Menurut tokoh Psikologi Sosial Albert Bandura menyatakan bahwa anak meniru perilaku agresif dari orang dewasa di sekitarnya. Hal ini menujukan bahwa anak adalah pembelajar dan peniru yang baik terhadap lingkungannya. Anak seperti cermin yang mengimitasi melalui melihat model perilaku orang dewasa di lingkungannya.

Muhammad SAW dan Anak
Tahun ini Hari Anak Internasional bertepatan dengan umat Islam merayakan Maulid Nabi Muhammad SAW. Momentum yang tepat untuk kembali menghayati nilai-nilai luhur Muhammad sebagai teladan dalam mendidik anak. Salah satunya adalah cara mendidik yang terbaik adalah memberikan suri teladan untuk anak.

Muhammad mencontohkan bagaimana cara menyayangi anak, seperti menciumnya, lemah lembut, welas asih, menahan marah dan memaafkan anak-anak. Salah satu pola yang paling terkenal dari beliau adalah tahapan mendidik anak yakni usia 0-7 tahun dengan menanamkan sopan santun. Selanjutnya pada jenjang usia 7-14 tahun menanamkan kedisipllinan, kemudian ajaklah anak bertukar pikiran pada jenjang usia 14-21 tahun dan setelah itu lepas mereka untuk belejar mandiri.

Kembali menghayati perayaan kelahiran Nabi Muhammad serta meneladaninya dalam mendidik dan mengasuh anak bertepatan dengan Hari Anak Internasional menjadi momentum evaluasi untuk menatap masa depan anak-anak Indonesia yang lebih baik. Setiap elemen masyarakat harus disadarkan bahwa kondisi perkembangan psikososial anak kita tidak sedang baik-baik saja. Bahwa kondisi tersebut adalah tanggung jawab bersama, kehadiran pemerintah memerlukan dukungan penuh dari masyarakat.
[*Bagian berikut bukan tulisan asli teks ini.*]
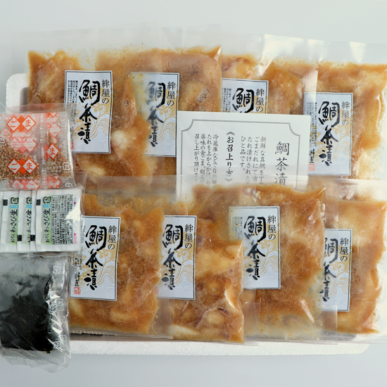 | 商品内容 | 絆屋の鯛茶漬け70g×8食、刻み海苔0.5g・金ごま1g・わさび2.5g×各8袋 |

Mengutip perkataan seorang pujangga Ronggowarsito. “Nalar Ajar Terusan Budi”. Nalar atau pikiran yang sudah belajar dan terdidik harus diimplementasikan dalam bentuk budi pekerti. Kemampuan intelektual, prestasi akademik menjadikan seorang anak juga berbudi pekerti. Maka pendidikan formal di sekolah harus diimbangi dengan mengajarkan budi pekerti anak tidak hanya secara teori namun dengan selalu memberikan teladan yang baik. Sehingga anak tidak kekurangan figur suri teladan yang baik.

*Tulisan ini pernah dimuat di seluang.id dan dimuat ulang dengan izin penulis

*Penulis adalah lulusan Fakultas Psikologi UMS yang sekarang bekerja di Bapas Pontianak. Husni dapat disapa di akun IG nya : @ansichusni

No comments:

Powered by Blogger.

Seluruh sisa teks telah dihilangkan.